§ **WORK INSTRUCTIONS**:
Copy out the records in full, word for word, without pictures.

§ **SUPPLIED DATA**:
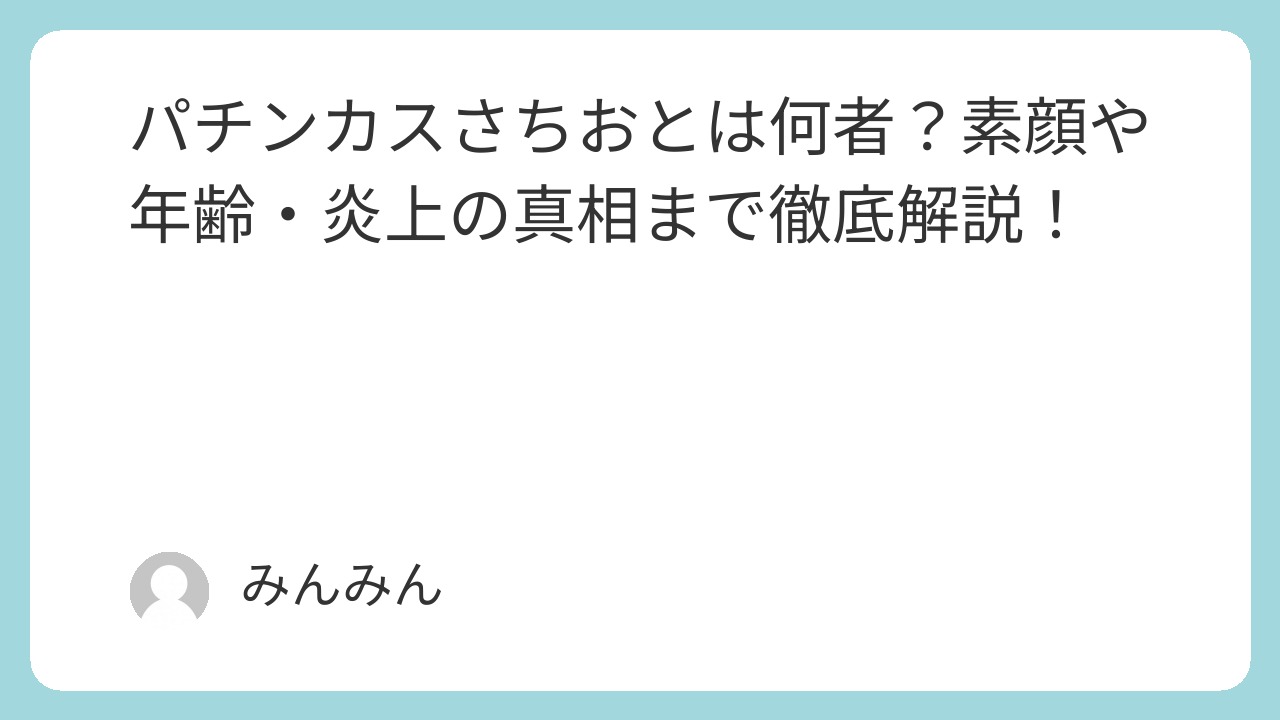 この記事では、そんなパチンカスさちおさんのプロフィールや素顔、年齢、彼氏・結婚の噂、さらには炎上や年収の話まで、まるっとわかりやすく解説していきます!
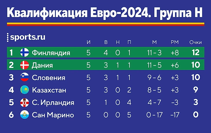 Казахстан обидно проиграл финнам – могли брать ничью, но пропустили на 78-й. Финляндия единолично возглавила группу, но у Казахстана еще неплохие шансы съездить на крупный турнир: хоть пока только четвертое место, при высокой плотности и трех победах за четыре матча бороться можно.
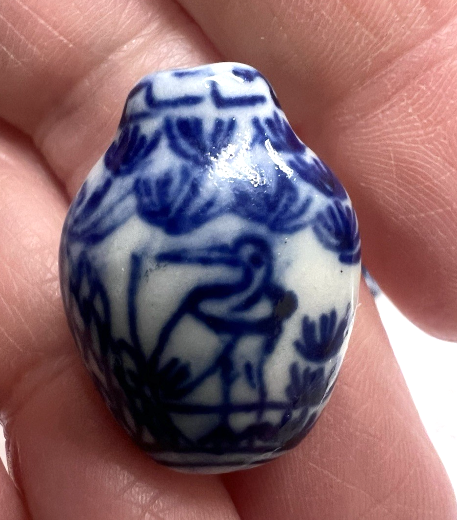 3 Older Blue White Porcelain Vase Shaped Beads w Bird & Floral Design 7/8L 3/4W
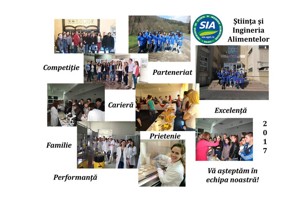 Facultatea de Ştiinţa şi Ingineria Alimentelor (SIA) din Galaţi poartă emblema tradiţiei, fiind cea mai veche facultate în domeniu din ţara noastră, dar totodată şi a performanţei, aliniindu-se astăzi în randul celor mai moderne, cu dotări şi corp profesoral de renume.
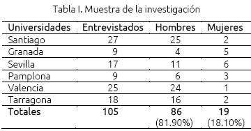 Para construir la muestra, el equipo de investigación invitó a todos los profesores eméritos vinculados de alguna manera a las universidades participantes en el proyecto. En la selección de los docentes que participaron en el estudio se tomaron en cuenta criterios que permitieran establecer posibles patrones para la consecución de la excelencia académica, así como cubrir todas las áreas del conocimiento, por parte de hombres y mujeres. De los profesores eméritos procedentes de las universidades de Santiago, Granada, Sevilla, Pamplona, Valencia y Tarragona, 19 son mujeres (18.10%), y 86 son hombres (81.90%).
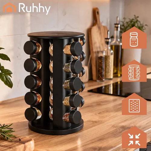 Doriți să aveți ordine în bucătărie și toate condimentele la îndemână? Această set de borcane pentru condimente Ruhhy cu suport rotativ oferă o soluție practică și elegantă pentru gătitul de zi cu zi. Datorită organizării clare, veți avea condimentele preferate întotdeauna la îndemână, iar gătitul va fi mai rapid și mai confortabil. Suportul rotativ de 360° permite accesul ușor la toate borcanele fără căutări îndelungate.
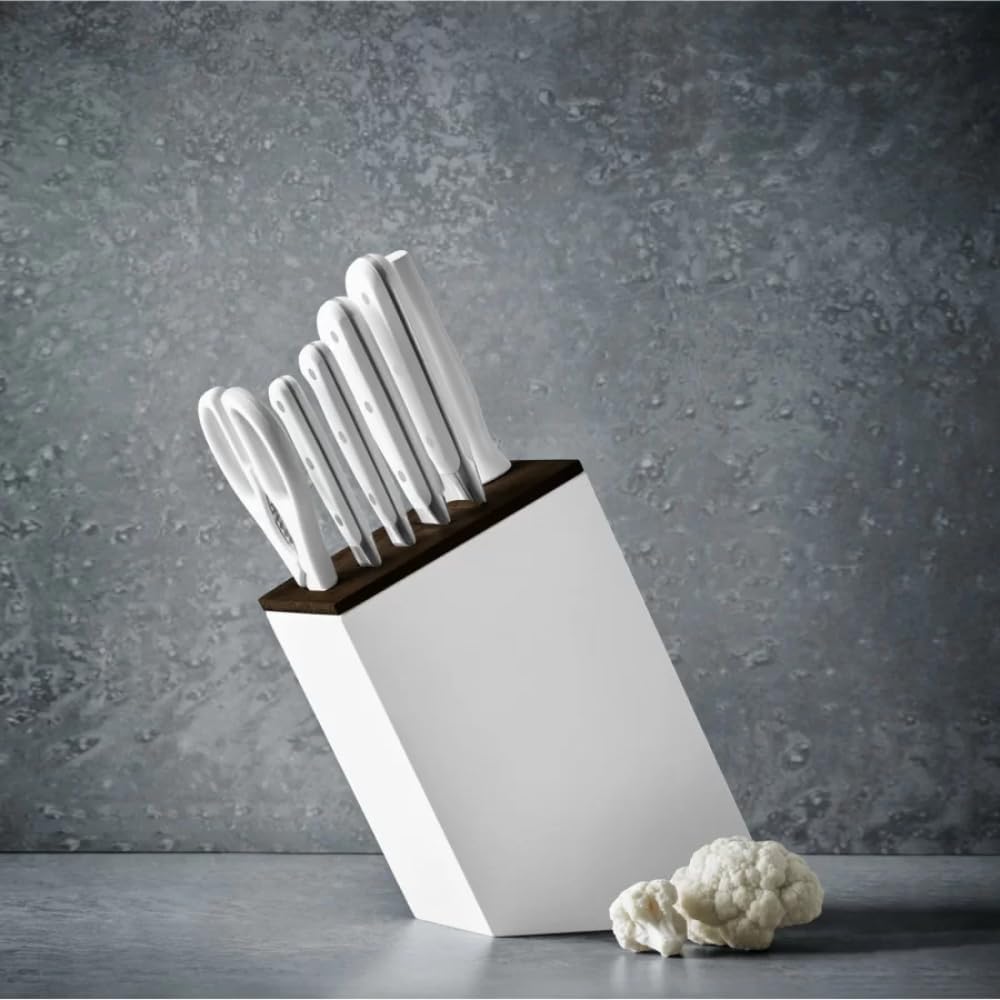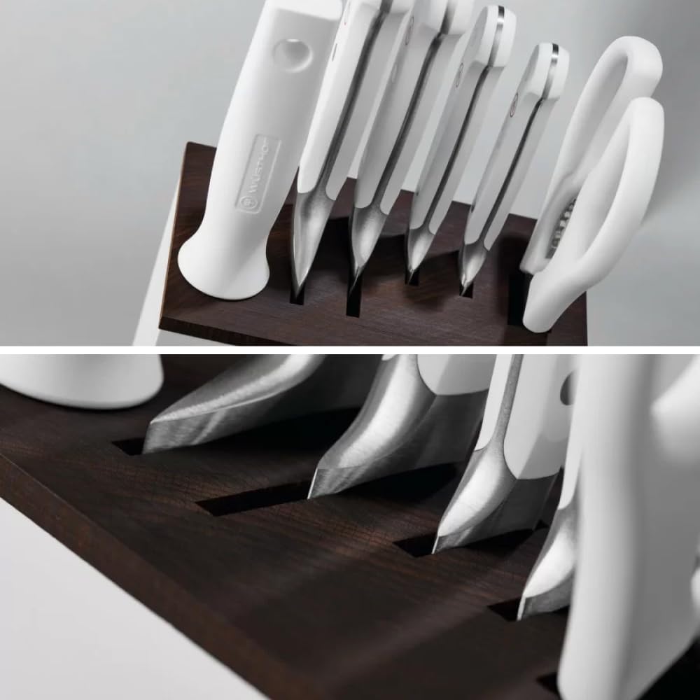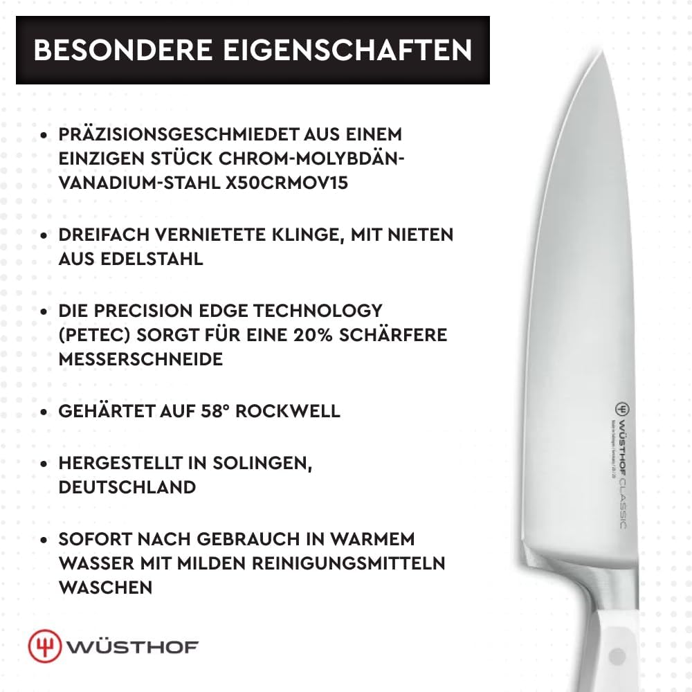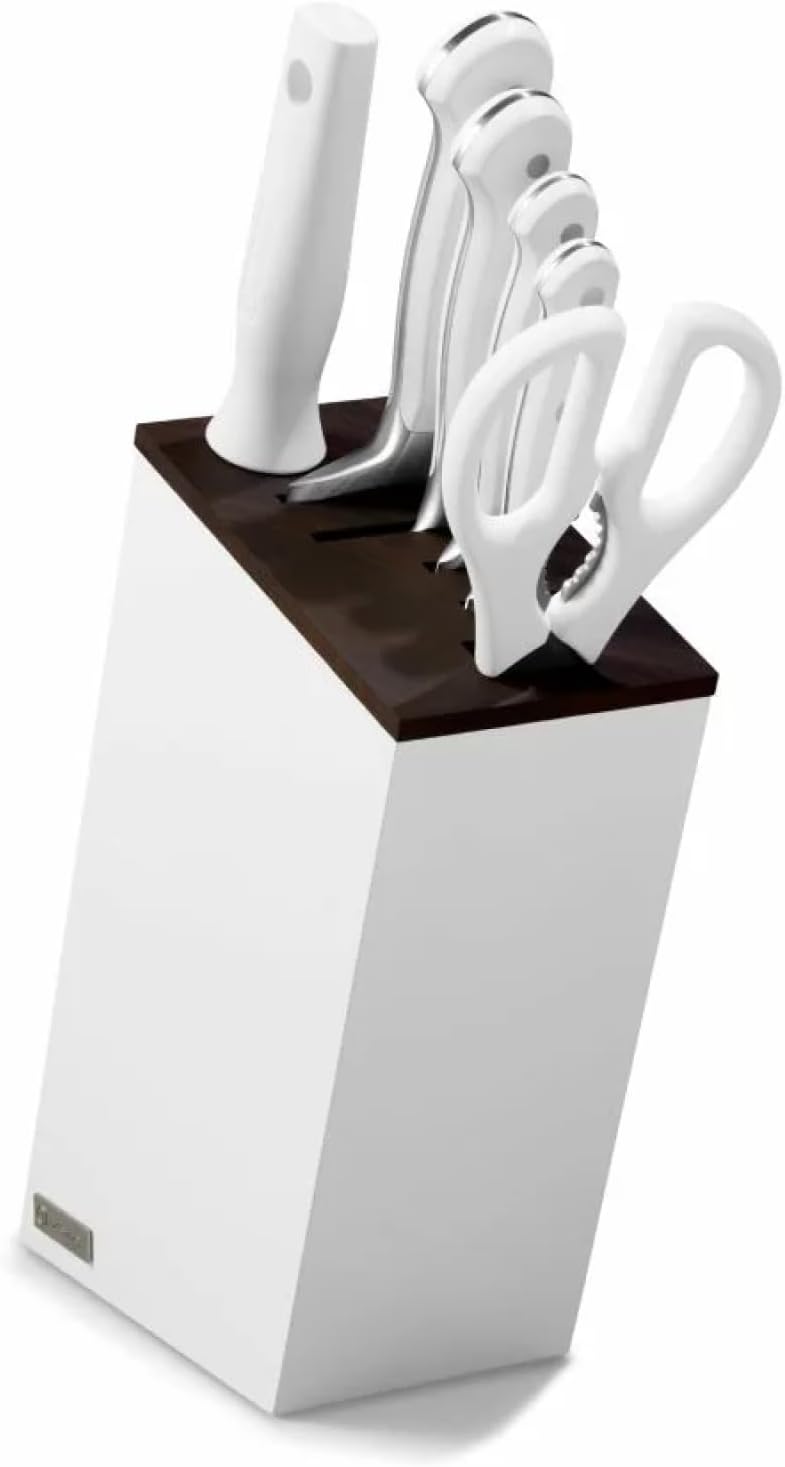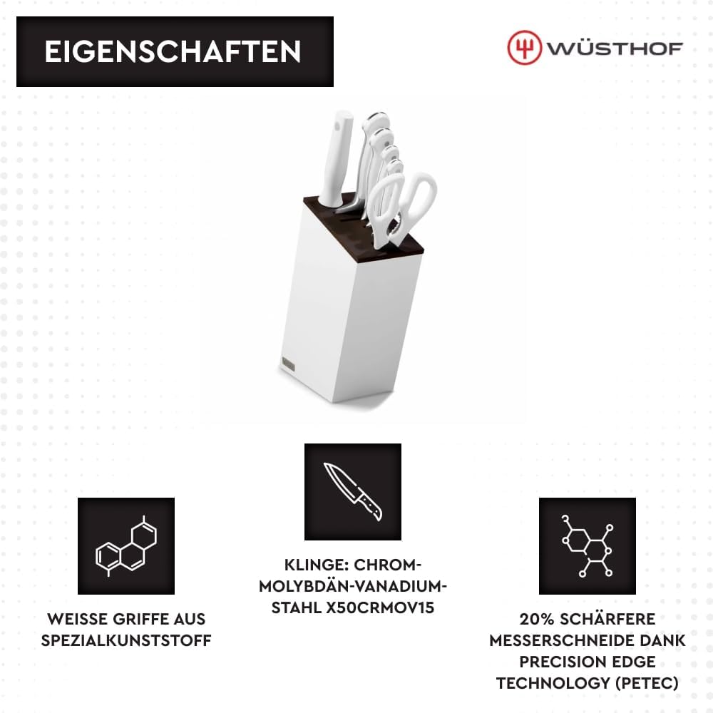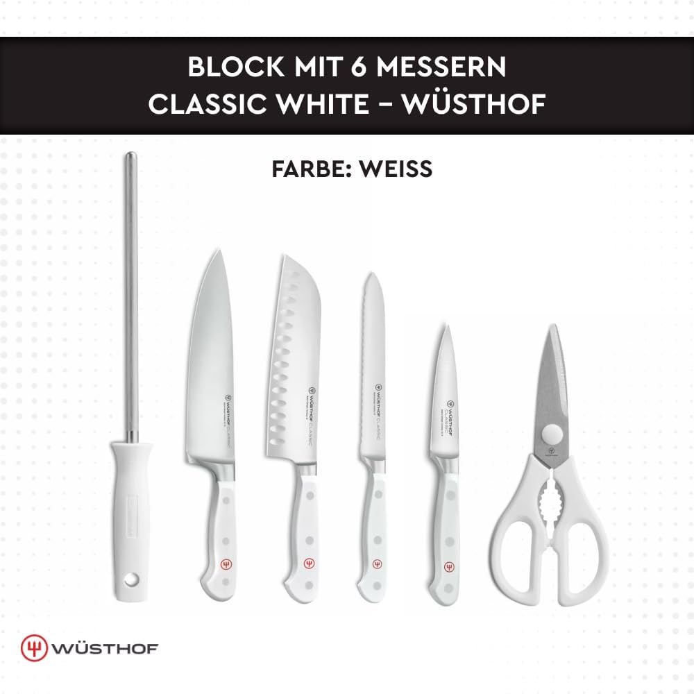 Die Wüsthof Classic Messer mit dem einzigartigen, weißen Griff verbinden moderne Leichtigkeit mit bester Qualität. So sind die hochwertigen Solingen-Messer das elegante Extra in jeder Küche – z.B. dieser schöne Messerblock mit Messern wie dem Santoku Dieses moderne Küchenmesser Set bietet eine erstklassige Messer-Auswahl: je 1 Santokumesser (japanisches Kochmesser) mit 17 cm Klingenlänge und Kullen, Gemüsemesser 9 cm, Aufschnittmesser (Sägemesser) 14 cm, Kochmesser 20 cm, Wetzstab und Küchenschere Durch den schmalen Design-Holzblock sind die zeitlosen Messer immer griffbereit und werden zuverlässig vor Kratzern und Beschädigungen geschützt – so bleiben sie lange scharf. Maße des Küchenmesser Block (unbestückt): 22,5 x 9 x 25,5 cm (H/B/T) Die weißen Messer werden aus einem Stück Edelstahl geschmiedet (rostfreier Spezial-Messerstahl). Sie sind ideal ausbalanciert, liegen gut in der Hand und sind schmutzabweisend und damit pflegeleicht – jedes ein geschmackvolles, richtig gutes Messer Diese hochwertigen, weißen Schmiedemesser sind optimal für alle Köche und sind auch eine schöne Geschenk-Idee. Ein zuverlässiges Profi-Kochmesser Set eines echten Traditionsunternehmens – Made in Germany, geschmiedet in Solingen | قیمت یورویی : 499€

§ **ANSWER SECTION**:
 この記事では、そんなパチンカスさちおさんのプロフィールや素顔、年齢、彼氏・結婚の噂、さらには炎上や年収の話まで、まるっとわかりやすく解説していきます!
 Казахстан обидно проиграл финнам – могли брать ничью, но пропустили на 78-й. Финляндия единолично возглавила группу, но у Казахстана еще неплохие шансы съездить на крупный турнир: хоть пока только четвертое место, при высокой плотности и трех победах за четыре матча бороться можно.
 3 Older Blue White Porcelain Vase Shaped Beads w Bird & Floral Design 7/8L 3/4W
 Facultatea de Ştiinţa şi Ingineria Alimentelor (SIA) din Galaţi poartă emblema tradiţiei, fiind cea mai veche facultate în domeniu din ţara noastră, dar totodată şi a performanţei, aliniindu-se astăzi în randul celor mai moderne, cu dotări şi corp profesoral de renume.
 Para construir la muestra, el equipo de investigación invitó a todos los profesores eméritos vinculados de alguna manera a las universidades participantes en el proyecto. En la selección de los docentes que participaron en el estudio se tomaron en cuenta criterios que permitieran establecer posibles patrones para la consecución de la excelencia académica, así como cubrir todas las áreas del conocimiento, por parte de hombres y mujeres. De los profesores eméritos procedentes de las universidades de Santiago, Granada, Sevilla, Pamplona, Valencia y Tarragona, 19 son mujeres (18.10%), y 86 son hombres (81.90%).
 Doriți să aveți ordine în bucătărie și toate condimentele la îndemână? Această set de borcane pentru condimente Ruhhy cu suport rotativ oferă o soluție practică și elegantă pentru gătitul de zi cu zi. Datorită organizării clare, veți avea condimentele preferate întotdeauna la îndemână, iar gătitul va fi mai rapid și mai confortabil. Suportul rotativ de 360° permite accesul ușor la toate borcanele fără căutări îndelungate.
 Die Wüsthof Classic Messer mit dem einzigartigen, weißen Griff verbinden moderne Leichtigkeit mit bester Qualität. So sind die hochwertigen Solingen-Messer das elegante Extra in jeder Küche – z.B. dieser schöne Messerblock mit Messern wie dem Santoku Dieses moderne Küchenmesser Set bietet eine erstklassige Messer-Auswahl: je 1 Santokumesser (japanisches Kochmesser) mit 17 cm Klingenlänge und Kullen, Gemüsemesser 9 cm, Aufschnittmesser (Sägemesser) 14 cm, Kochmesser 20 cm, Wetzstab und Küchenschere Durch den schmalen Design-Holzblock sind die zeitlosen Messer immer griffbereit und werden zuverlässig vor Kratzern und Beschädigungen geschützt – so bleiben sie lange scharf. Maße des Küchenmesser Block (unbestückt): 22,5 x 9 x 25,5 cm (H/B/T) Die weißen Messer werden aus einem Stück Edelstahl geschmiedet (rostfreier Spezial-Messerstahl). Sie sind ideal ausbalanciert, liegen gut in der Hand und sind schmutzabweisend und damit pflegeleicht – jedes ein geschmackvolles, richtig gutes Messer Diese hochwertigen, weißen Schmiedemesser sind optimal für alle Köche und sind auch eine schöne Geschenk-Idee. Ein zuverlässiges Profi-Kochmesser Set eines echten Traditionsunternehmens – Made in Germany, geschmiedet in Solingen | قیمت یورویی : 499€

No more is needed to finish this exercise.